Short term vs. long term: optimization of microswimmer navigation on different time horizons
Navid Mousavi, Jingran Qiu, Lihao Zhao, Bernhard Mehlig, Kristian Gustavsson
TL;DR
The paper tackles how microswimmers can efficiently avoid high-strain regions in turbulent flows by using local cues. It combines reinforcement learning with an analytical short- and long-horizon framework to identify which signals—strain magnitude ${\mathcal{S}}^2$ and its gradients—are most effective for navigation, and how the optimal strategy depends on the time horizon and update frequency. Gradients of squared strain emerge as particularly powerful signals, with policies that align propulsion and rotation to decrease encountered strain, and the best performance occurs when the optimization horizon matches the flow correlation time $\tau_f$. The results bridge short-time expansions and RL, revealing that gradient-based strategies are robust across models and highlight implications for biological swimmers and artificial microrobots operating in turbulent environments.
Abstract
We use reinforcement learning to find strategies that allow microswimmers in turbulence to avoid regions of large strain.
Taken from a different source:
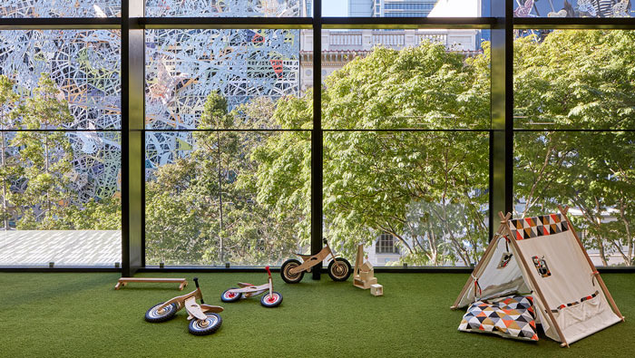 早教中心休息區(qū)設(shè)計(jì):孩子都愛(ài)赤腳走路,故此設(shè)計(jì)師在休息區(qū)的設(shè)計(jì)中,沒(méi)有設(shè)置座椅,只是將草坪安置在其中,孩子在其中赤腳坐在那里休息,帳篷讓孩子在自然中休息。
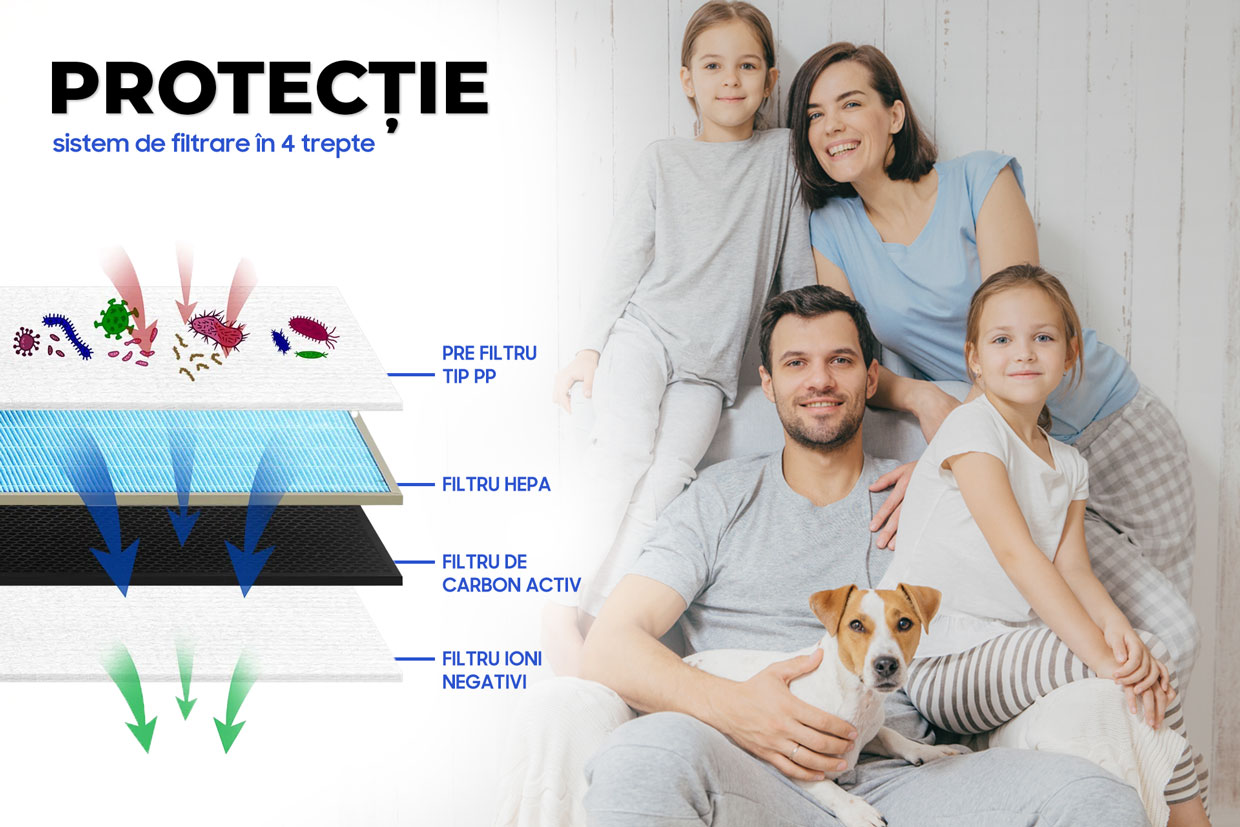 Și nu face compromisuri când vine vorba de eficiența sa în eliminarea particulelor nedorite și a poluanților din aer. Cu un sistem de filtrare în patru etape, este gândit pentru a oferi o purificare completă și eficientă.

This question is motivated by the hypothesis that swimming microorganisms tend to avoid such regions to minimise the risk of predation. We ask which local cues a microswimmer must measure to efficiently avoid such straining regions. We find that it can succeed without directional information, merely by measuring the magnitude of the local strain. However, the swimmer avoids straining regions more efficiently if it can measure the sign of local strain gradients. We compare our results with those of an earlier study [Mousavi {\em et al.} Phys. Rev. Res. {\bf 6}, L022034 (2024)] where a short-time expansion was used to find optimal strategies. We find that the short-time strategies work well in some cases but not in others. We derive a new theory that explains when the time-horizon matters for our optimisation problem, and when it does not. We find the strategy with best performance when the time-horizon coincides with the correlation time of the turbulent fluctuations. We also explain how the update frequency (the frequency at which the swimmer updates its strategy) affects the found strategies. We find that higher update frequencies yield better performance.